### [TO DO]
The entries that follow need to be reproduced exactly, minus any images.
PROVIDED RECORDS Block Start
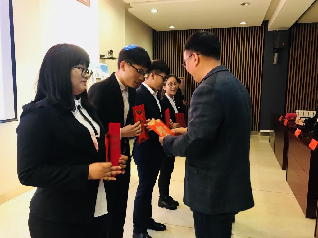 首先,动物医学公司党委副书记饶家辉老师致欢迎辞,他对禾丰牧业的到来表示热烈欢迎,对禾丰牧业近年来高速发展表示赞赏,并对禾丰牧业金卫东董事长个人出资捐助有困难的吉大学子的举动表示了深深的感谢。随后辽宁农牧总经理远继涛先生宣读了获奖名单,对获奖的四位同学表示了祝贺,并邀请来自禾丰牧业的陈光先生和刘延年先生为获奖员工颁奖。EMC易倍李金泽、赵丁,动物医学公司刘妍丹、惠少杰四位获奖员工分别发表了获奖感言,一致表示定不会辜负禾丰牧业的期望,努力奋斗并成为对社会有贡献之人。
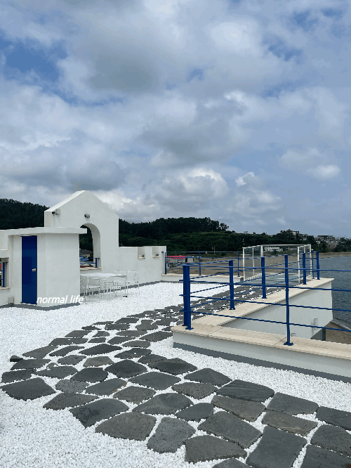 모든 곳이 그리스 산토리스 가득한 오이아카페이다. 루프탑마저도 포항의 아름다운 바다와 산토리니 새하얀건물과 잘 어우러져 이국적인 느낌이다. 야외테라스에는 파란하늘과 푸른바다를 바라보며 커피를 마실 수 있는 공간도 마련되어 있고 미니스카이워크 공간도 마련되어있다. 햇살좋은날 오이아카페 루프탑은 모든 곳이 지중해 휴양지이다.
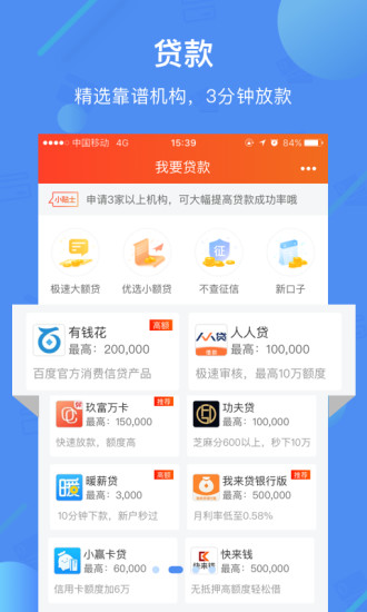 4、新增贷款还信用卡功能,轻松便捷通过认证授信得到额度发起借款到信用卡
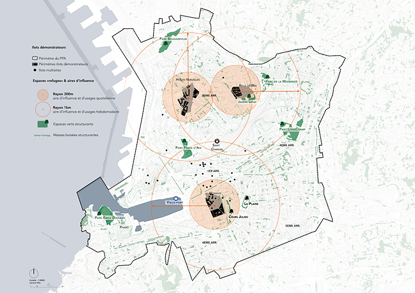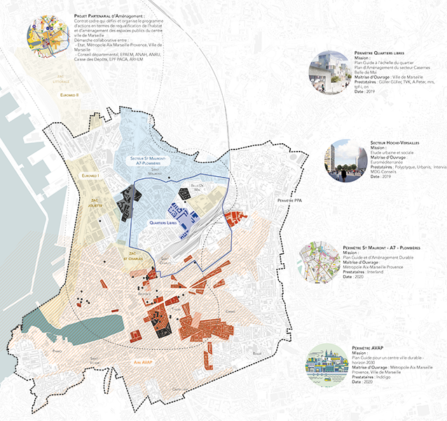Notre démarche se caractéristique par un travail d’investigation patrimoniale, qui révèle les permanences historiques comme catalyseurs du projet urbain. Cette « rétro-prospective » permet de définir la manière dont la ville et les usages peuvent évoluer, pour créer des espaces urbains cohérents capables de tendre vers une mixité d’usages, de complémentarités, de richesses humaines qui font sens pour l’urbanité de Marseille.
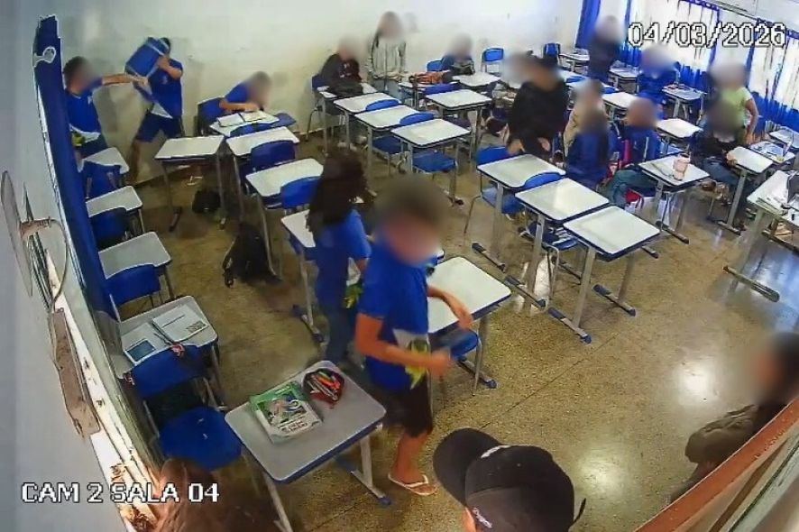 A violência foi registrada por uma câmera de segurança instalada dentro da sala de aula, por volta das 8h50. Nas imagens, é possível ver que a vítima está sentada no canto da sala quando o agressor chega, o encarando.
PROVIDED RECORDS Block End
### [YOUR SOLUTION]
 首先,动物医学公司党委副书记饶家辉老师致欢迎辞,他对禾丰牧业的到来表示热烈欢迎,对禾丰牧业近年来高速发展表示赞赏,并对禾丰牧业金卫东董事长个人出资捐助有困难的吉大学子的举动表示了深深的感谢。随后辽宁农牧总经理远继涛先生宣读了获奖名单,对获奖的四位同学表示了祝贺,并邀请来自禾丰牧业的陈光先生和刘延年先生为获奖员工颁奖。EMC易倍李金泽、赵丁,动物医学公司刘妍丹、惠少杰四位获奖员工分别发表了获奖感言,一致表示定不会辜负禾丰牧业的期望,努力奋斗并成为对社会有贡献之人。
 모든 곳이 그리스 산토리스 가득한 오이아카페이다. 루프탑마저도 포항의 아름다운 바다와 산토리니 새하얀건물과 잘 어우러져 이국적인 느낌이다. 야외테라스에는 파란하늘과 푸른바다를 바라보며 커피를 마실 수 있는 공간도 마련되어 있고 미니스카이워크 공간도 마련되어있다. 햇살좋은날 오이아카페 루프탑은 모든 곳이 지중해 휴양지이다.
 4、新增贷款还信用卡功能,轻松便捷通过认证授信得到额度发起借款到信用卡
Notre démarche se caractéristique par un travail d’investigation patrimoniale, qui révèle les permanences historiques comme catalyseurs du projet urbain. Cette « rétro-prospective » permet de définir la manière dont la ville et les usages peuvent évoluer, pour créer des espaces urbains cohérents capables de tendre vers une mixité d’usages, de complémentarités, de richesses humaines qui font sens pour l’urbanité de Marseille.
 A violência foi registrada por uma câmera de segurança instalada dentro da sala de aula, por volta das 8h50. Nas imagens, é possível ver que a vítima está sentada no canto da sala quando o agressor chega, o encarando.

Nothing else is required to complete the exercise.